## TRY IT
The full set of lines below has to be duplicated exactly, with no picture kept.

## DATA SHOWN
%%
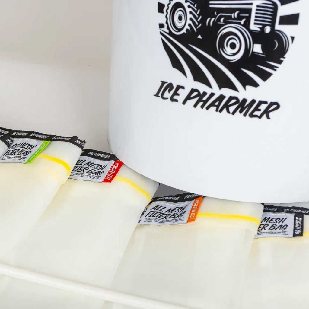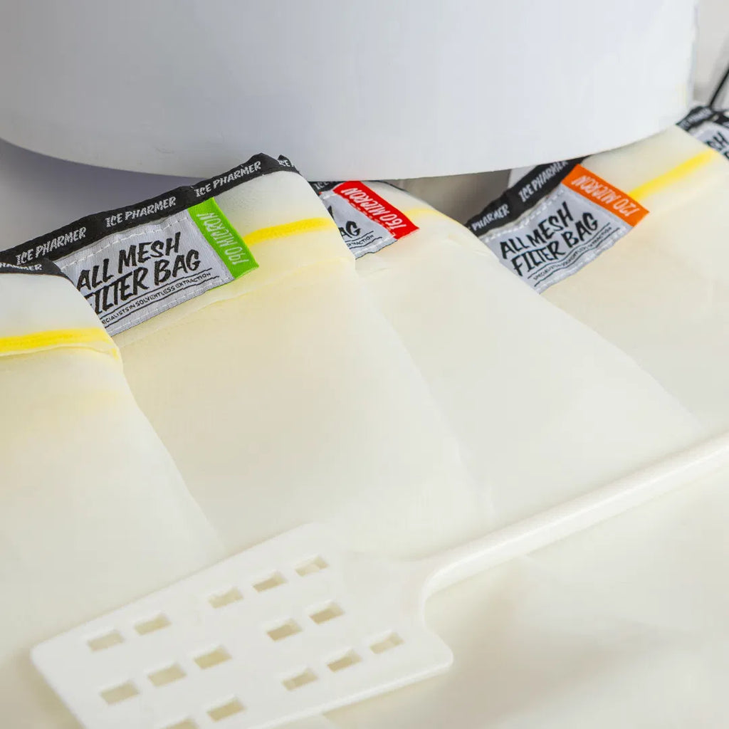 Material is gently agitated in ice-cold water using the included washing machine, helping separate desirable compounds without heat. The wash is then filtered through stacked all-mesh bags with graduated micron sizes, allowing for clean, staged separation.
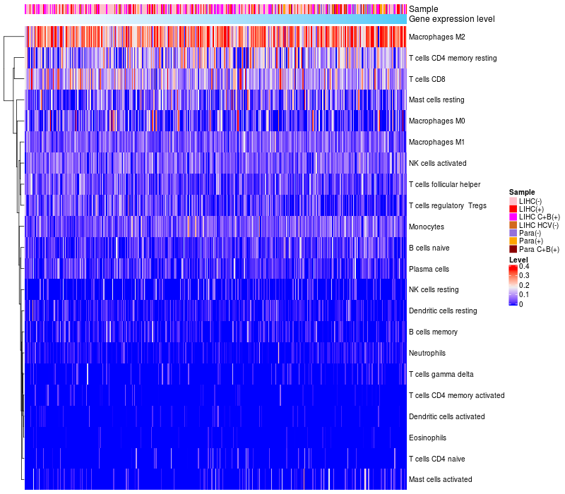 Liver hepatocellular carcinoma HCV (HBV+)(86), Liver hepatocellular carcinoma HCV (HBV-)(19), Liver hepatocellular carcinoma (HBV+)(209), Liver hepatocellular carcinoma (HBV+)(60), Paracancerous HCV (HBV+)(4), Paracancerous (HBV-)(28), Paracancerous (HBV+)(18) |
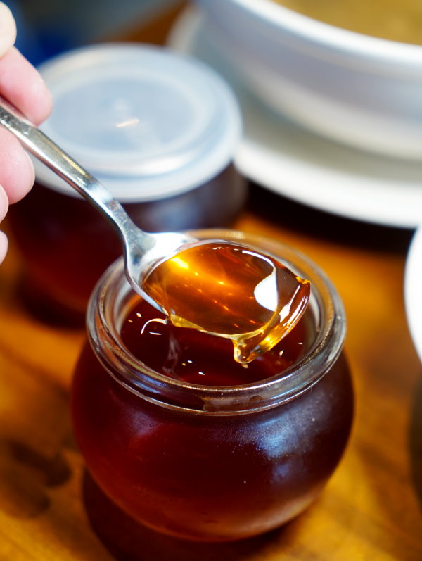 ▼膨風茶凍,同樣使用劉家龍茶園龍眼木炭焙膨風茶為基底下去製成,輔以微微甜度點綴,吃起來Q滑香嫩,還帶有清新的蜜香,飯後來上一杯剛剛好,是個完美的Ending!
%%
## EXERCISE RESULT
 Material is gently agitated in ice-cold water using the included washing machine, helping separate desirable compounds without heat. The wash is then filtered through stacked all-mesh bags with graduated micron sizes, allowing for clean, staged separation.
 Liver hepatocellular carcinoma HCV (HBV+)(86), Liver hepatocellular carcinoma HCV (HBV-)(19), Liver hepatocellular carcinoma (HBV+)(209), Liver hepatocellular carcinoma (HBV+)(60), Paracancerous HCV (HBV+)(4), Paracancerous (HBV-)(28), Paracancerous (HBV+)(18) |
 ▼膨風茶凍,同樣使用劉家龍茶園龍眼木炭焙膨風茶為基底下去製成,輔以微微甜度點綴,吃起來Q滑香嫩,還帶有清新的蜜香,飯後來上一杯剛剛好,是個完美的Ending!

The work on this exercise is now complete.